Григорий Антонович кивнул, глядя опять в пол.
– Но, раз уж так, и ты останешься, то как на счёт других Воителей Гнева? Ты ведь не вправе решать и за них, пусть ты и был командиром, пусть именно тебе судьба доверила хранить коды их личностных матриц. Ведь ты далеко не всеми из них командовал…
Кдахна вновь прервалась и посмотрела на Мьорра глазами полными отчаяния и мольбы. Её голос не стал громче, но стал ровнее и твёрже. Григорий Антонович молчал.
– Отдай мне их коды, отдай, а сам оставайся. Когда несколько циклов твоих скоротечных жизней здесь пролетят, ты всё равно вернёшься домой. Мы вернём тебя. Ссылка ведь не бессрочная.
Григорий Антонович вновь задумался. Всё вроде как сходилось – сам не хочешь, пусть другие возвращаются, пусть мстят там, или чего хотят делают. Их ведь не спросили, может и полетят. Неизвестно, к тому же, куда их забросило, и где тянется их забвение – может в таких мирах, что похуже да пострашнее этого.
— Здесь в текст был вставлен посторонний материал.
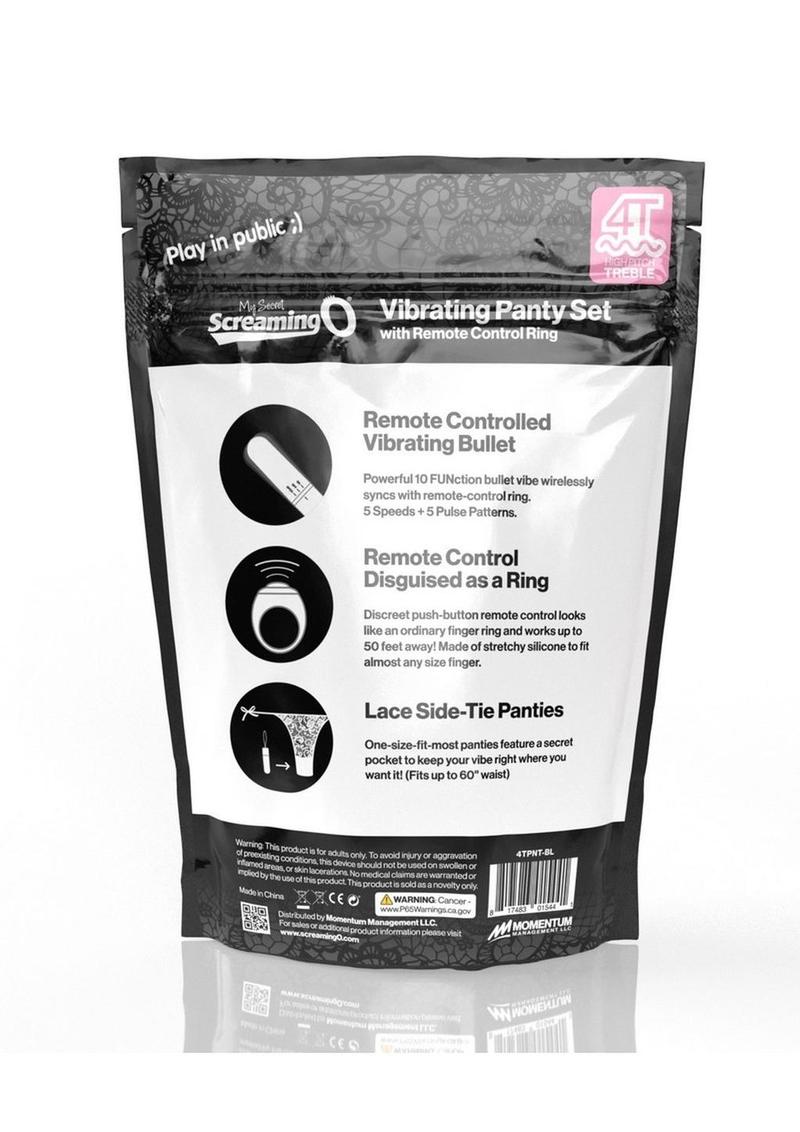 xMy Secret Screaming O 4T Panty Vibe puts the power of pleasure at your fingertips with a powerful, 4T treble style tickle and tease vibrating bullet that fits discreetly into a side-tie lace panty to keep it in place. Simply slip the bullet into the pantyb s small pocket and enjoy powerful stimulation directly on the sweet spot. This sexy and subtle mini vibe allows you play in public with a clever remote control disguised as an ordinary finger ring and works up to 50 feet away! The vibe is b monogamousb meaning it can only speak to one remote at a time. This way, you always know who is turning you on!

Хотя, это навряд ли. Но почему же коды всех ссыльных Воителей оказались именно у него? Неспроста ведь. Ну, Мьорр, чего же ты никак не вспомнишь? Ты ведь был командиром одного, пусть большого, но только одного отряда, а среди прочих Воителей были чины и повыше, почему все коды у тебя?! Вспоминай, сукин сын! Вспоминай, почему ты сейчас не хочешь отдавать их Ильиничне!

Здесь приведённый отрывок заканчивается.